The only culprit seems to be field data, which increased right before the crash:

But this increase seems relatively modest, a few hundred MB at most. It seems unclear why this would take down the entire node. Also, this memory only really increased at around 22:34, whereas the instability started a few minutes earlier. So this increased field data may be an effect of the error, not a cause of it.

This seems like an important issue because the instability of a single machine is affecting the stability of an entire cluster. This is because the node did not crash, but became relatively unresponsive.
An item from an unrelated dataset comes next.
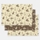 This Western themed wrapping paper set of 3 sheets features a variety of rodeo cowboys in action riding, roping, and bronc busting, interspersed with saddles, boots, hats, and guitars, with 2 sheets of light beige background, and one of dark brown. This wrapping paper is perfect for special gifts for cowgirls and cowboys, and anyone that loves horses and Western riding events.

The master kicked the node out of the cluster, and then added it back again and again. The subsequent intense relocating made the entire cluster unresponsive. This breaks Elasticsearch's high availability assurances.

And for the sake of completeness, here are the log output right at the crash time of 22:33

[2016-07-01 02:33:09,415][INFO ][monitor.jvm              ] [elasticsearch1-elasticsearch-3-vm] [gc][young][272253][28134] duration [881ms], collections [1]/[1.7s], total [881ms]/[2.5h], memory [23.6gb]->[23.9gb]/[29.9gb], all_pools {[young] [77.6mb]->[8.9mb]/[532.5mb]}{[survivor] [66.5mb]->[66.5mb]/[66.5mb]}{[old] [23.4gb]->[23.8gb]/[29.3gb]}
[2016-07-01 02:33:10,584][WARN ][monitor.jvm              ] [elasticsearch1-elasticsearch-3-vm] [gc][young][272254][28135] duration [1s], collections [1]/[1.1s], total [1s]/[2.5h], memory [23.9gb]->[24.4gb]/[29.9gb], all_pools {[young] [8.9mb]->[6.8mb]/[532.5mb]}{[survivor] [66.5mb]->[66.5mb]/[66.5mb]}{[old] [23.8gb]->[24.4gb]/[29.3gb]}
[2016-07-01 02:33:27,199][WARN ][monitor.jvm              ] [elasticsearch1-elasticsearch-3-vm] [gc][young][272270][28138] duration [1s], collections [1]/[1.2s], total [1s]/[2.5h], memory [25gb]->[25.5gb]/[29.9gb], all_pools {[young] [21.4mb]->[50.2mb]/[532.5mb]}{[survivor] [66.5mb]->[66.5mb]/[66.5mb]}{[old] [24.9gb]->[25.4gb]/[29.3gb]}
[2016-07-01 02:33:33,712][INFO ][monitor.jvm              ] [elasticsearch1-elasticsearch-3-vm] [gc][young][272276][28139] duration [822ms], collections [1]/[1.5s], total [822ms]/[2.5h], memory [25.9gb]->[26gb]/[29.9gb], all_pools {[young] [453.5mb]->[161.4mb]/[532.5mb]}{[survivor] [66.5mb]->[66.5mb]/[66.5mb]}{[old] [25.4gb]->[25.8gb]/[29.3gb]}
[2016-07-01 02:33:34,958][WARN ][monitor.jvm              ] [elasticsearch1-elasticsearch-3-vm] [gc][young][272277][28140] duration [1s], collections [1]/[1.2s], total [1s]/[2.5h], memory [26gb]->[26.4gb]/[29.9gb], all_pools {[young] [161.4mb]->[18.9mb]/[532.5mb]}{[survivor] [66.5mb]->[66.5mb]/[66.5mb]}{[old] [25.8gb]->[26.3gb]/[29.3gb]}
[2016-07-01 02:33:36,210][INFO ][monitor.jvm              ] [elasticsearch1-elasticsearch-3-vm] [gc][young][272278][28141] duration [940ms], collections [1]/[1.2s], total [940ms]/[2.5h], memory [26.4gb]->[26.8gb]/[29.9gb], all_pools {[young] [18.9mb]->[48.9mb]/[532.5mb]}{[survivor] [66.5mb]->[66.5mb]/[66.5mb]}{[old] [26.3gb]->[26.7gb]/[29.3gb]}
[2016-07-01 02:33:44,758][INFO ][monitor.jvm              ] [elasticsearch1-elasticsearch-3-vm] [gc][young][272286][28143] duration [888ms], collections [1]/[1.5s], total [888ms]/[2.5h], memory [27gb]->[27.4gb]/[29.9gb], all_pools {[young] [63.1mb]->[3.1mb]/[532.5mb]}{[survivor] [66.5mb]->[66.5mb]/[66.5mb]}{[old] [26.8gb]->[27.3gb]/[29.3gb]}
[2016-07-01 02:33:46,338][INFO ][monitor.jvm              ] [elasticsearch1-elasticsearch-3-vm] [gc][young][272287][28144] duration [790ms], collections [1]/[1.5s], total [790ms]/[2.5h], memory [27.4gb]->[27.9gb]/[29.9gb], all_pools {[young] [3.1mb]->[98.9mb]/[532.5mb]}{[survivor] [66.5mb]->[66.5mb]/[66.5mb]}{[old] [27.3gb]->[27.8gb]/[29.3gb]}
[2016-07-01 02:33:47,538][WARN ][monitor.jvm              ] [elasticsearch1-elasticsearch-3-vm] [gc][young][272288][28145] duration [1s], collections [1]/[1.2s], total [1s]/[2.5h], memory [27.9gb]->[28.3gb]/[29.9gb], all_pools {[young] [98.9mb]->[3.7mb]/[532.5mb]}{[survivor] [66.5mb]->[66.5mb]/[66.5mb]}{[old] [27.8gb]->[28.3gb]/[29.3gb]}

Any other insights or recommendations into this issue?

Can anyone help here? This continues to happen on a weekly basis to my cluster. It seems really bad that a single node can take down a cluster.